We searched five electronic databases. We included case-control, cross-sectional and cohort studies that included a headache and back pain free group, reporting on any association between persistent LBP and primary headache disorders.

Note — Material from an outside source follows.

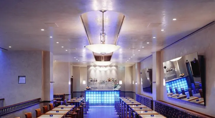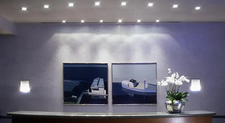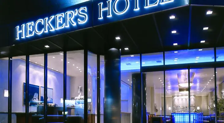 "The Hecker’s lobby, with ice-blue backlit bar, promises to be an overture to an edgy 21st-century-design hotel, but that tune doesn’t quite carry over into the rooms."

Methodological quality was assessed using Newcastle-Ottawa Scale. Our primary outcome was the association between primary headache disorders and persistent LBP. Our secondary outcomes were any associations between severity of LBP and severity of headache, and the relationship between specific headache sub-types classified as per International Classification of Headache Disorders (ICHD) criteria and persistent LBP. We included 14 studies. The sizes of the studies ranged from 88 participants to a large international study with 404, 206 participants. Odds ratios for the association were between 1.55 (95% confidence interval (CI) 1.13-2.11) and 8.00 (95% CI 5.3-12.1). Study heterogeneity meant statistical pooling was not possible. Only two studies presented data investigating persistent LBP and chronic headache disorders in accordance with ICDH criteria.

CONCLUSIONS

We identified a positive association between persistent LBP and primary headache disorders. The quality of the review findings is limited by diversity of populations, study designs and uncertainly about headache and LBP definitions.

TRIAL REGISTRATION

PROSPERO 2018 CRD42018086557 .

摘要

背景

系统回顾定量研究原发性慢性头痛与持续性腰痛(LBP)之间关联的研究。

主要文本

我们检索了五个电子数据库。我们纳入了病例对照、横断面和队列研究,这些研究包括头痛和无腰痛组,报告了原发性 LBP 和原发性头痛障碍之间的任何关联。使用纽卡斯尔-渥太华量表评估方法学质量。我们的主要结局是原发性头痛障碍与持续性 LBP 之间的关联。我们的次要结局是 LBP 严重程度与头痛严重程度之间的任何关联,以及根据国际头痛疾病分类(ICHD)标准分类的特定头痛亚型与持续性 LBP 的关系。我们纳入了 14 项研究。研究规模从 88 名参与者到一项大型国际研究(404,206 名参与者)不等。关联的优势比在 1.55(95%置信区间(CI)1.13-2.11)和 8.00(95%CI 5.3-12.1)之间。研究异质性意味着不可能进行统计学合并。只有两项研究按照 ICHD 标准提供了关于持续性 LBP 和慢性头痛障碍的研究数据。

结论

我们发现持续性 LBP 与原发性头痛障碍之间存在正相关。综述结果的质量受到人群、研究设计的多样性以及对头痛和 LBP 定义的不确定性的限制。

试验注册

PROSPERO 2018 CRD42018086557。